Smart validation = less risk.
2) Finding your TRUE market size:
Justin didn't rely on gut feeling. He went where his potential customers hung out:
• Paleo forums
• CrossFit communities
• Reddit threads
• Mark's Daily Apple
He found FANATIC engagement around bone broth recipes, sourcing, and benefits
3) The Google Trends hack
Justin checked macro trends to confirm his micro observations.
He wasn't looking to build a 9-figure business at 24 - just wanted to make $10K/month with his brother.
Simple math: A few thousand customers spending a few hundred dollars a year = viable business.

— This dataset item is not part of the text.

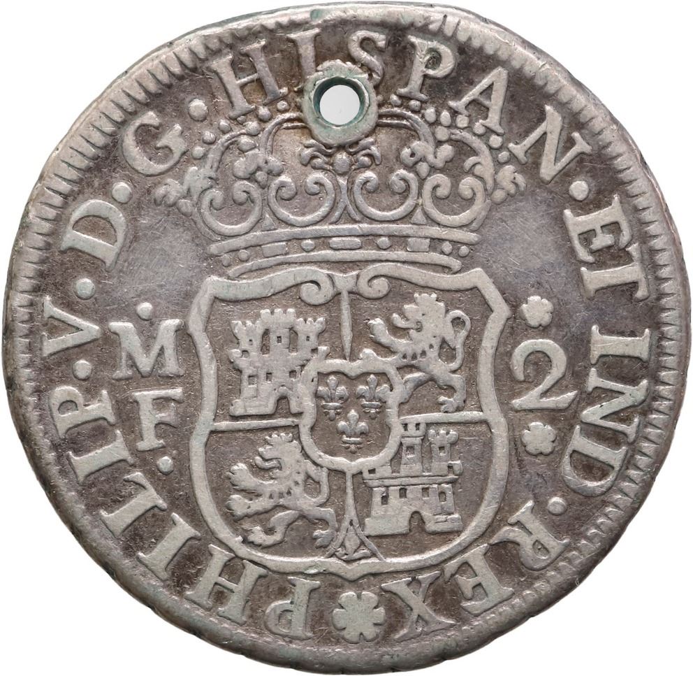 MEXICO, Mexico City, pillar 2 reales, Philip V, 1733 MF, pellets above and below assayer.

4) The $15 MVP that ACTUALLY validated demand:
• $9.99 domain ([bonebroths.com](http://bonebroths.com/))
• $5 logo from Fiverr
• Basic landing page on Unbounce
No product. No fancy design. Just a simple page highlighting benefits that his target audience cared about:
- Healing leaky gut
- Convenience
- Organic ingredients
5) The GENIUS pricing strategy:
Justin priced at $29.99 for 16oz - 6X MORE than grocery store broth!
His thinking: "If people will pay this much for a product they've never tasted from a sketchy landing page, they REALLY want it."
High price = strong signal of demand.